In vitro release of acetylsalicylic acid. Notes: In vitro (A) daily and (B) accumulated release behaviors of acetylsalicylic acid from nanofibrous membranes. A biphasic release pattern was found, with an initial burst of release for the first few days, followed by a rather stable release for up to 3 weeks.

Figure 5

Stent implantation. Notes: (A) Schematic locations of implantation of two stents in rabbit descending abdominal aorta (arrow). (B) Angiograms of rabbit vasculature following injection of contrast dye, showing location of stented area (arrow). Scale bar: 20 mm.

Figure 6

Angiograms of rabbit vasculature. Notes: (A) Following injection of contrast dye. (B) stented descending abdominal aorta. (C) showing patent branch vessels following implantation. Asterisks indicate abdominal aorta branch. Arrows indicate implantation part of stent. Scale bar: 10 mm.

Figure 7

Quantitative analysis of endothelial coverage. Notes: Endothelial coverage above struts at 2 weeks (A1, B1 and C1) and 4 weeks (A2, B2 and C2) in Groups A, B, and C. Group A exhibited the most complete coverage at both 2 and 4 weeks.

Figure 8

Percentage of endothelial coverage on stent struts. Notes: Acetylsalicylic acid-loaded (Groups A and B), and non-acetylsalicylic acid-loaded (Group C) nanofibrous membrane stent. *P<0.05 Group A versus Group C in post hoc analysis; ^#P<0.05 Group B versus Group C in post hoc analysis.

Figure 9

Adherent platelets and monocytes at various times. Notes: Adhesion of platelets and monocytes on endothelial surface of stented arterial vessels in Groups A, B, and C at 1, 2, 3, and 4 weeks by scanning electron microscopy. Acetylsalicylic acid-loaded hybrid stents can inhibit the adhesion of platelets and monocytes on the endothelial surface of blood vessels. Scale bar: 50 μm.

Figure 10

Number of adherent blood cells on stent struts. Notes: (A) Number of adherent platelets on stent struts.

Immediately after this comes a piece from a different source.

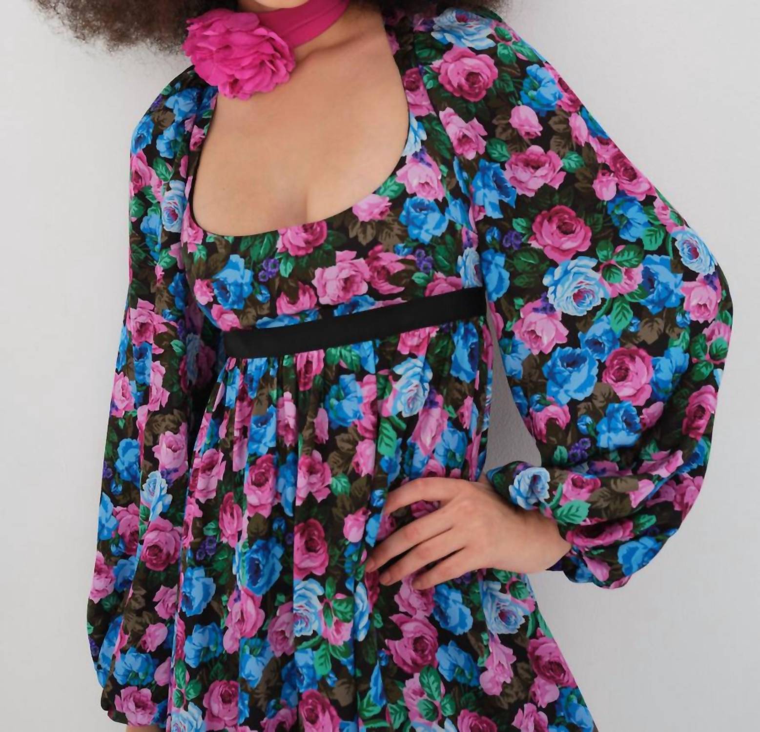 The kind of easy and flattering dress you'll be reaching for all season long. Introducing the Maggie Mini Dress by For Love & Lemons, a statement piece perfect for engagement occasions and Easter celebrations. This blue floral mini dress features long sleeves and an enchanting empire waist with a back tie closure for a flattering fit. Crafted from 56% Ecovero and 44% viscose, with a lining composed of 98% recycled polyester and 2% spandex, it embodies both elegance and eco-conscious design. For best care, dry clean only to maintain its boho chic style.

Acetylsalicylic acid-loaded (Groups A and B) and non-acetylsalicylic acid-loaded (Group C) nanofibrous membrane stent. (B) Number of monocytes that adhered on stent struts. *P<0.05 Group A versus Group C in post hoc analysis. ^#P<0.05 Group B versus Group C in post hoc analysis; ^!P<0.05 Group A versus Group B in post hoc analysis.

Figure 11

Pathology of Groups A, B, and C at 2 and 4 weeks. Notes: Two-week (A1, B1 and C1) and 4-week (A2, B2 and C2) high-power photomicrographs (H&E staining; 200 × magnification) of pathology of Groups A, B, and C. The inflammation response was significant lower in Groups A and B than in Group C.

Figure 12

Vascular inflammation and injury scores. Notes: (A) Vascular inflammation score. (B) Vascular injury score. *P<0.05 Group A versus Group C in post hoc analysis; ^#P<0.05 Group B versus Group C in post hoc analysis.

Figure 13

Immunofluorescence of collagen I close to stented arteries. Notes: Collagen type I immunostaining (orange) of acetylsalicylic acid-loaded (Groups A and B) and non-acetylsalicylic acid-loaded (Group C) nanofibrous membrane stent. (Group D) normal vessels. Autofluorescence on tunica media (green), and DAPI-stained nuclei are also shown. Less collagen type I-positive labeling was observed close to the acetylsalicylic acid-loaded stent vessels. scale bar: 75 μm. Abbreviations: A, tunica adventitia; M, tunica media; D, control group.